Senior Site Reliability Engineer
okta
Job Description
What you’ll be doing:
- Design, build, maintain, and deploy robust tools and pipelines to automate infrastructure provisioning, configuration, and deployment across multiple cloud environments (AWS, GCP, etc.);
- Accountable and responsible for the set-up, maintenance, and ongoing development of artifactory application suite: artifactories, globalization, disaster recovery
- Create and maintain fully automated CI build pipelines for multiple services.
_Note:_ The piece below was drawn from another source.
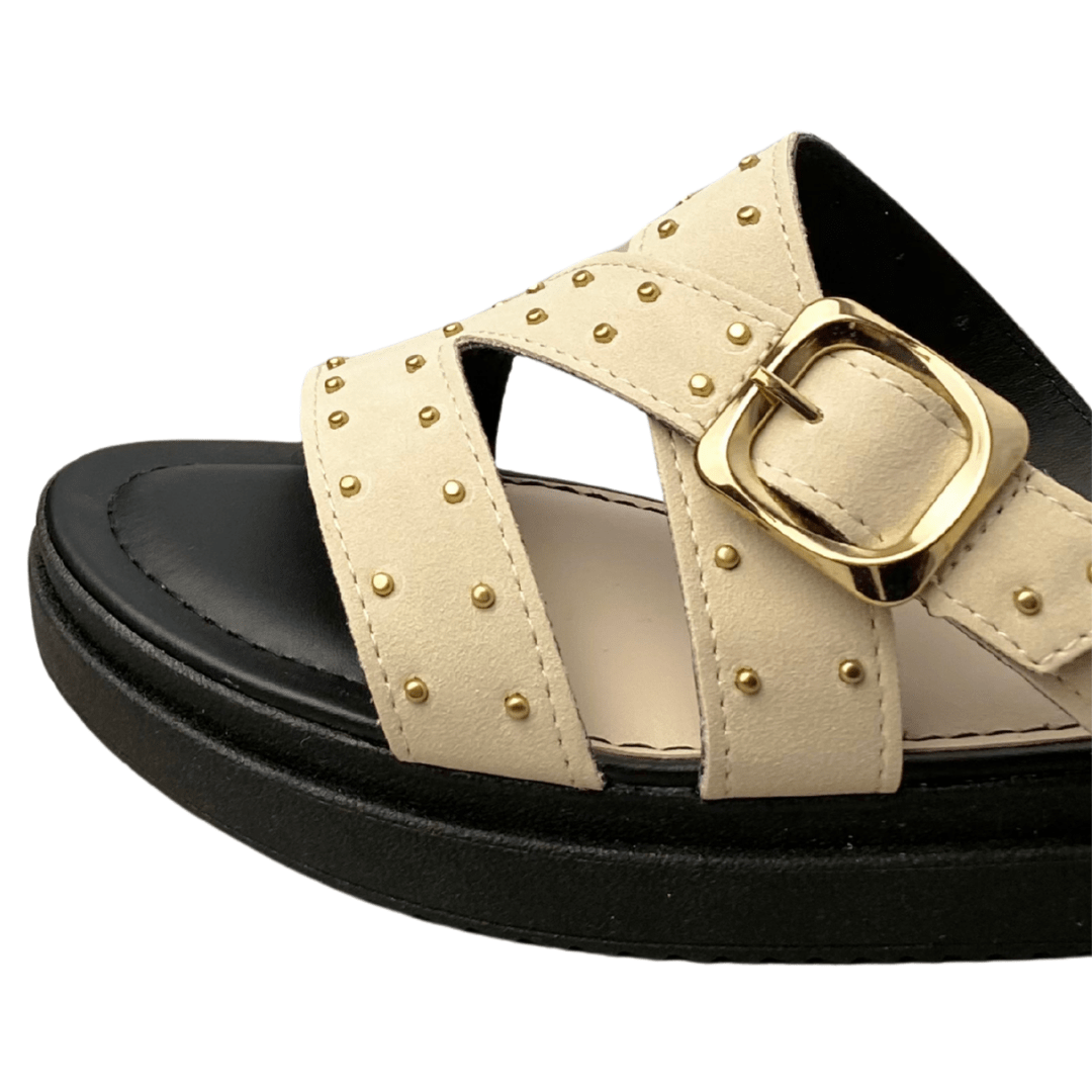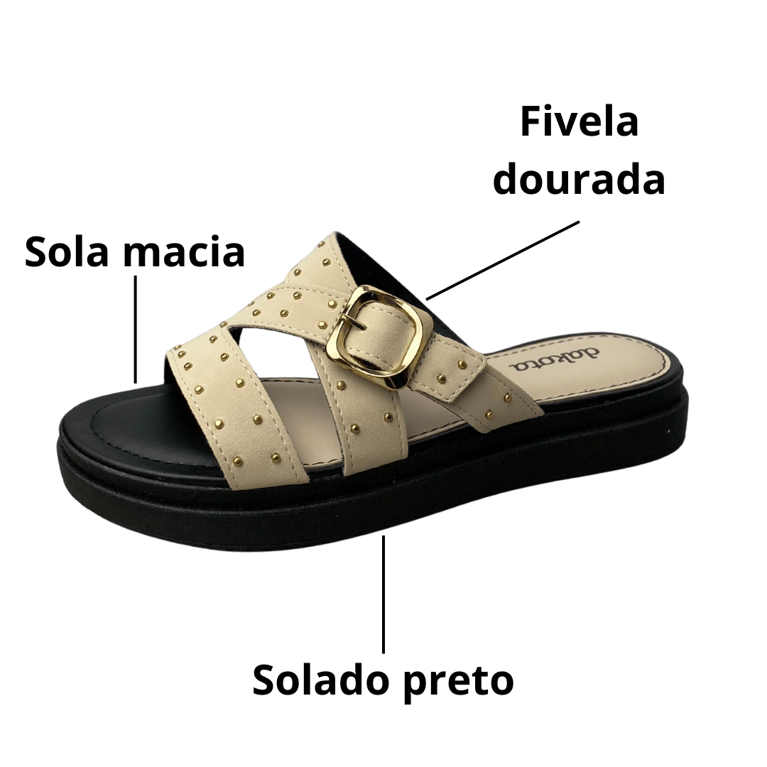 Estilo marcante: A fivela dourada em destaque e os detalhes em tachas aplicadas conferem um toque de sofisticação moderna que eleva qualquer look.

- Architect, implement, and manage highly available and scalable cloud-native platforms leveraging Kubernetes, Linux, and other cutting-edge technologies;
- Develop and manage efficient multi-cloud deployment strategies, ensuring seamless application and infrastructure orchestration across diverse cloud environments;
- Create and maintain custom Amazon Machine Images (AMIs) tailored to specific application and infrastructure needs, optimizing performance and security;
- Collaborate with engineering and operations teams to ensure the reliability, performance, and security of production systems;
- Respond promptly to production incidents, troubleshoot complex issues, and implement preventive measures to minimize future disruptions;
- Build scalable and extensible platforms, services, and tools using Java, Python, Go, and other relevant technologies, with a focus on automation, reliability, and security;
- Identify and eliminate bottlenecks, manual processes, and inefficiencies, implementing automated solutions to improve operational efficiency and reduce human error;
- Leverage industry best practices in infrastructure, automation, and orchestration to drive innovation and explore emerging technologies that can enhance the platform's capabilities;
- Develop self-service tools and processes to empower teams to independently manage their infrastructure, reducing reliance on manual intervention; and
- Prioritize security and compliance by maintaining up-to-date base images, applying security patches, and implementing robust security measures to protect sensitive information and systems.
What we are looking for:
- 5+ years of experience with Java, Go, Python, or similar backend languages
- 5+ years of experience building, maintaining, and debugging services, internal tools, and frameworks
- 5+ years of experience automating and deploying large-scale production services in AWS, GCP, or similar
- 5+ years experience managing CI/CD infrastructures, with a strong proficiency in Tools like Spinnaker, Jenkins, ArgoCD, Gitlab or any CI/CD to streamline deployment pipelines and ensure efficient software delivery.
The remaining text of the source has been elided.